The Sisters Who Would Be Queen: Mary, Katherine, and Lady Jane Grey: A Tudor Tragedy by Leanda de Lisle
As a follow-up to my comments on the execution of Lady Jane Grey, here is a link to my review of the Leanda de Lisle book I referenced. I wrote this B.B. (before blog) and Elena-Maria Vidal kindly shared it as a guest post on her great blog, Tea at Trianon, in November of 2009.
The auther herself signed in and commented on the review and the comments!
And here is a discussion of the book by the author from an Economist imprint titled More Intelligent Life:
"Lady Jane Grey is mythologised, even festishised, as an innocent girl sacrificed on the altar of her mother's ambition. But behind the popular biographies of the Tudor Queen lies a different story of misogyny and masochism. It seems the much-maligned mother is in fact the victim.

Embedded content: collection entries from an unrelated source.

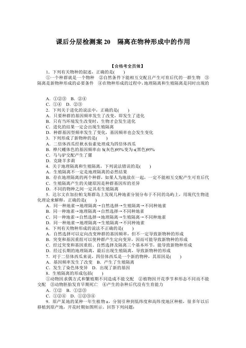 首页高中生物高二2025年高中生物必修2课后分层检测案20
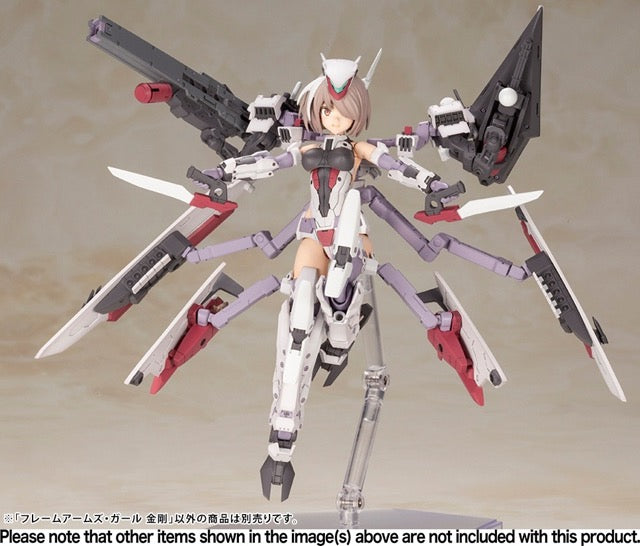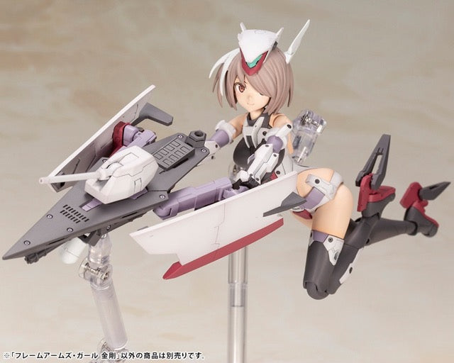 Kotobukiya adds their original character Kongo to the "Frame Arms Girl" figure-kit lineup! Designed by Takayuki Yanase, Kongo has been turned into a figure based on an illustration by Fumikane Shimada! This completely new Frame Arms Girl kit can reproduce various forms by transforming and recombining the large armaments; she comes with standard hands and feet. Her head can be changed from an armed state to an unarmed state; she comes with three prepainted face parts, too. Her waist armor is movable, and the range of motion of her thighs is expanded. The bazooka and shield come with left and right grips that can be exchanged; the missile mounted on her back armor can be deployed by opening the hatch. The dagger mounted on her back armor can also be used as a handheld weapon. Decals are included for her eyes,and five sets of PVC hands are included. She's also equipped with 3mm-diameter ports on her arms and legs, so she can use weapons and armor from the "M.S.G" and "Frame Arms" series too! Order her for your own collection now!
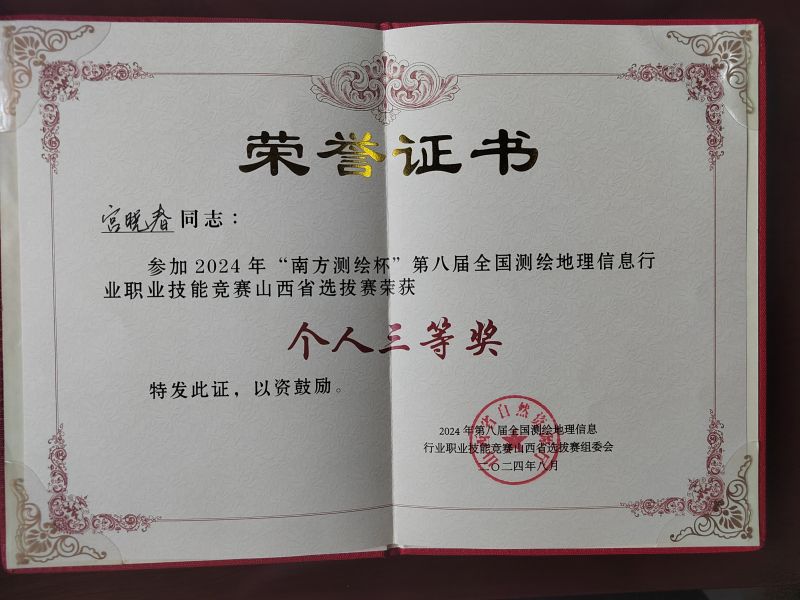 近日,由省自然资源厅、省人力资源和社会保障厅、省总工会联合举办的 2024 年“南方测绘杯”第八届全国测绘地理信息行业职业技能竞赛山西省选拔赛在晋中职业技术学院落幕。地勘院有限公司荣获团体优胜奖,两名职工获得个人三等奖。

"When I began researching for "The Sisters Who Would be Queen", my triple biography of Lady Jane and her sisters, Katherine and Mary Grey, I hoped the well-known life of the iconic teenage Queen, would lend some insight to the younger sisters, the forgotten heirs to Elizabeth Tudor. I assumed there would be little new to day about Jane herself. But as I began my research it became clear that nothing written about Jane could be trusted. The first woman to wield the power of a Tudor monarch had been reduced, over time, to an eroticised image of female helplessness. Meanwhile, her conventional mother became the embodiment of the belief that powerful women are monstrous and mannish."